Sunday, December 20, 2020

Thinking, testing, practicing and reevaluating

The traditional view of learning, ie picking up a new skill from someone else and applying it to a problem, is somewhat out of date in our complex or even chaotic world. 

Firstly, if you are part of an organisation delivering training, make sure the learning works for your audience. If unsure, solicit feedback. Show that you care about the people in the audience. Consideration for different learning styles should have no place in any of todays trainings. See https://www.psychologicalscience.org/journals/pspi/PSPI_9_3.pdf for a closer look on why. Everyone can learn, and people have a diverse set of preexisting experiences that can be taken into account but traditional learning styles is not one of them. Bad training will demotivate people and put a break on innovation.

Everyone should have a mental model of the problem domain they experience.
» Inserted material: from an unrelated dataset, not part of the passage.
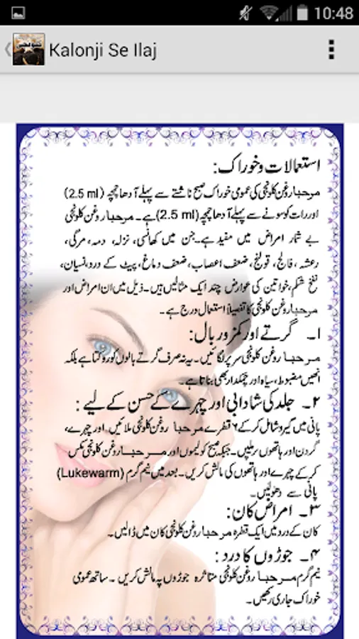 Hum roz marrah ke mamlaat mai choti choti takaleef ko le ker pareshan rehte hen, bachon ko kay/matli hojana, sir mai dard hona, aankhon mai motia ho, kaan ka behrapan, is terhan ki takleef ka hal Kalonji ke terteeb war istemaal mai posheeda hai.

If not, take a step back and form an initial model,  acknowledging that the model will have flaws. Training would be most useful when evolving this model. Training could for example help people question the underlying assumptions of their models, reach new conclusions and verifying what is known. Evolve the model step by step by testing and verifying what is known and probing what is unknown. Cause and effect may still not be deterministic, but this can be a lesson and a property of the model too. Ensure that your model stays up to date with what you learn. 

There are also old practices or features of your model that will not make sense anymore as conditions change over time. These will need to be unlearned. Unlearning is also learning.
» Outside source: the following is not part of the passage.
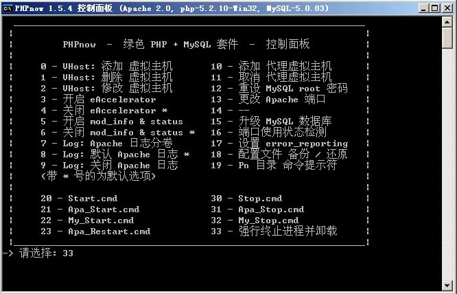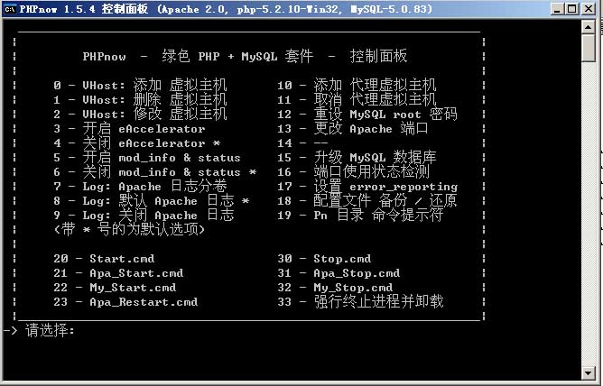 此時(shí)計(jì)算機(jī)會(huì)彈出一個(gè)DOS對(duì)話框,這個(gè)就是PHPnow的控制面板對(duì)話框。

Learn to question what is taught. Ask why. Stay up to date by reading, listening to podcasts and discussing with colleagues. Don't rely on a single source. Teach others what you learn, and stay curious.

For problems that are simple or for problems where cause and effect can be analysed by an expert to solicit a single highly constrained solution that is likely to work, traditional training still can have its role. For problems where no known solution exists something above this is required.